Fostering kittens turns grrrs into purrs
It started with a hiss. A very long, loud, pronounced hiss.
And with that “greeting,” we met the three seven-week-old kittens we welcomed into our home July 5 in the midst of the pandemic.
My partner, Susan Finn, had not taken on an assignment as a volunteer fostering cats for the Quincy Animal Shelter for quite a while. Fostering is a program for animals that are injured, ill, too young to be adopted, or have a behavioral issue and need temporary care ― usually from five to eight weeks ― before being adopted. We don’t have cats ourselves because we travel often and spend considerable time in Florida.
In this case, the kittens — bright orange Bentley, his sister Tesla, and another girl, Fiat — were from two litters born to feral mothers who needed intense “socialization” to be comfortable with human contact. Susan took the trio back to the shelter for checkups, spaying or neutering, or shots.
In the beginning, Susan sat with the cat carrier in a spare bathroom and tried to coax out its occupants. Eventually, they cautiously emerged into our large kitchen. We erected a temporary door between the kitchen and the dining room in an attempt to keep the trio confined there. It wasn’t long before they figured a way through the door and feline chaos ensued.
The shelter provides food, litter, and medical care for the animals you agree to foster, but caretakers often spring for toys or treats. Deciding to adopt the animal you are caring for ― it’s called “foster flunk” — sometimes happens, but the caretaker must follow the same application procedure and pay the same adoption fees as a member of the general public.

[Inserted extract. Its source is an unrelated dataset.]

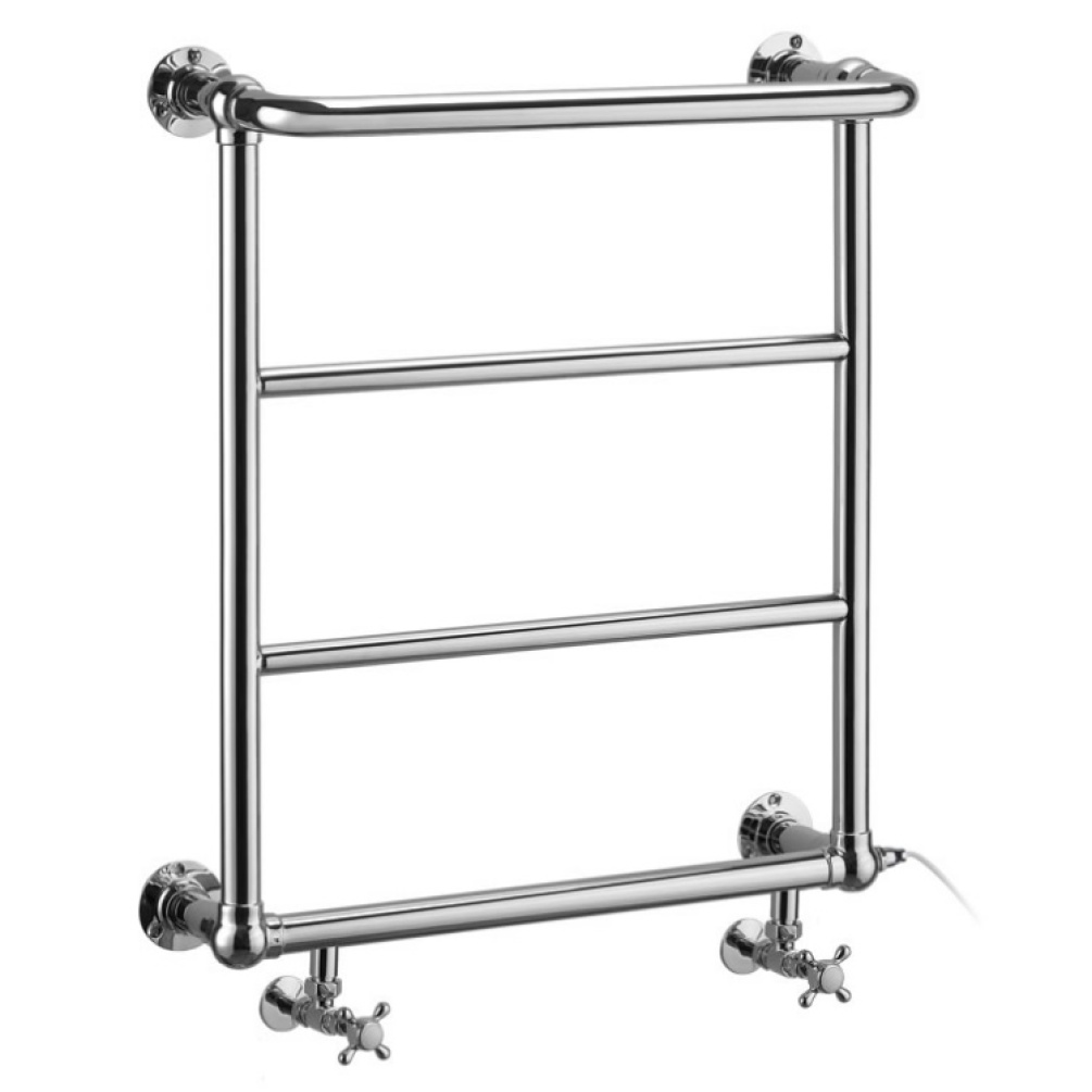 Measuring 642mm in width and 720mm in height, the rectangular frame of this wall mounted towel radiator houses three cylindrical bars and is topped with an additional curved towel rail, which extends beyond the bars beneath it such that you can dry your bath towel without restricting the other heating elements.

The kittens had been weaned from their mothers and were eating solid food when they arrived. The kittens’ tiny stomachs required small, frequent feedings, including a 3 a.m. wake-up call when paws started to appear under the bedroom door and cries began. We had previously fostered “preemies” without mothers — Sugar and Cinnamon ― who had to be bottle-fed every few hours.
One positive aspect of the COVID-19 pandemic has been people’s willingness to step forward selflessly, in this case to help the animals. At the Quincy shelter, the paid staff is a party of one — director Kit Burke. Behind her is an army of 160 active volunteers who provide a range of services the shelter could only dream of if they were all paid.
“If I were hit by a bus tomorrow, the shelter would still be here,” Burke said. “But without the volunteers, we don’t exist.”
Shelters, deemed “essential businesses,” were allowed to stay open during the pandemic. But because the Quincy shelter operates in a building owned by the city of Quincy, the place has essentially been closed to the public since the pandemic hit in March.
For a time, there were no adoptions and the surrendering of pets was only done on an emergency basis. The care went on, much of it in foster homes. In May, the shelter started taking adoption applications and after vetting the applications, people were allowed to come there to sign paperwork and take animals home.
In early July, Quincy started opening city buildings and it gave the shelter more leeway. “Right now we’re still not open to the public, but people can see an animal online and reach out to our adoption team to take a look at animals by appointment only,” said Burke.
The shelter had put all of its dogs in foster homes during the pandemic and along the way, several of the animals were adopted by the caretakers or their friends.
Going forward, Burke said her greatest concern is the number of families who will be forced to surrender their pets due to economic circumstances. “This fall, we’ll be seeing people who have lost their jobs or their unemployment benefits having to make tough choices.”
Then there’s those who lose their housing and may have to move to places where pets are not permitted. Or those who return to their workplaces and decide they don’t have time to care for a pet.
Meanwhile, Burke said her volunteers are adjusting to what is the “new normal” when it comes to interacting with the public.
For our part, there was nothing quite so wonderful as three healthy young kittens chasing, wrestling, jumping, running, and then collapsing atop one another in one feline heap. It took only a few days for Bentley and Tesla to become more accustomed to human contact. One proven strategy is to feed the kittens baby food from our fingers; It reminds them of their mothers, and is an excellent bonding tool.
Fiat was slow to warm to us. For several weeks after Bentley and Tesla became cuddle bunnies and purring machines, she resisted being picked up and petted. But when Tesla and Bentley left for their new homes on Aug. 8 and she became a solo act, she blossomed She chased the cursor on the computer screen, loved seeing animals on TV, and cuddled with us on the bed. She would find her shoelace or ribbon and drop it at our feet: Hey, you. It’s playtime.
Susan has a picture book of our “graduates” and will be adding more pages.
As one of her final duties, she puts together a “going away” bag of the kittens’ favorite toys, samples of some of the food they had been eating, and a printed description of each that included personality quirks and favorite games.
Fiat was the last of the successfully socialized kittens to depart — on Aug. 15 — to what we like to call “their forever homes.”
Fiat’s departure hit Susan especially hard; she was sure the kitten had a look of betrayal when it was loaded into the cat carrier for the ride back to the shelter.
We are often asked if it is hard to give up the cats after purposely bonding with them. Yes, it’s hard, because the better the job we do, the harder it is to let go.